*** Collected data
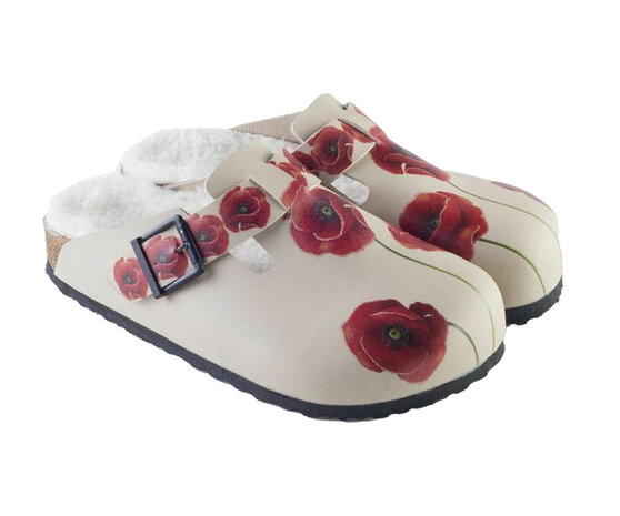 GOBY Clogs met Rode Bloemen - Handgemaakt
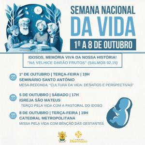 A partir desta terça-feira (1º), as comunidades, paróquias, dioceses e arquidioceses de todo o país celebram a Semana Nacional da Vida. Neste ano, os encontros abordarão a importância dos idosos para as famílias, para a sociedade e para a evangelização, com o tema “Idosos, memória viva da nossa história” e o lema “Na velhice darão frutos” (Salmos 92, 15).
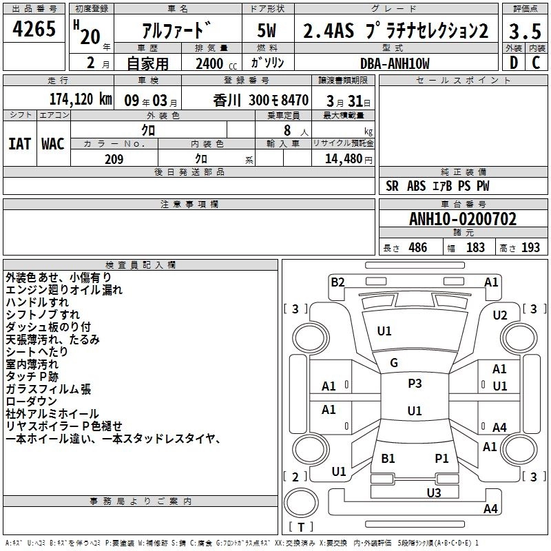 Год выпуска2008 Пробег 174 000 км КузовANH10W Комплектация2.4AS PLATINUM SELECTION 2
******
Exercise aim: Transcribe only the lines from the line holding "A partir desta" to the final line of the listing above. Keep them exact, include both ends, and skip the pictures.

Written solution:
 A partir desta terça-feira (1º), as comunidades, paróquias, dioceses e arquidioceses de todo o país celebram a Semana Nacional da Vida. Neste ano, os encontros abordarão a importância dos idosos para as famílias, para a sociedade e para a evangelização, com o tema “Idosos, memória viva da nossa história” e o lema “Na velhice darão frutos” (Salmos 92, 15).
 Год выпуска2008 Пробег 174 000 км КузовANH10W Комплектация2.4AS PLATINUM SELECTION 2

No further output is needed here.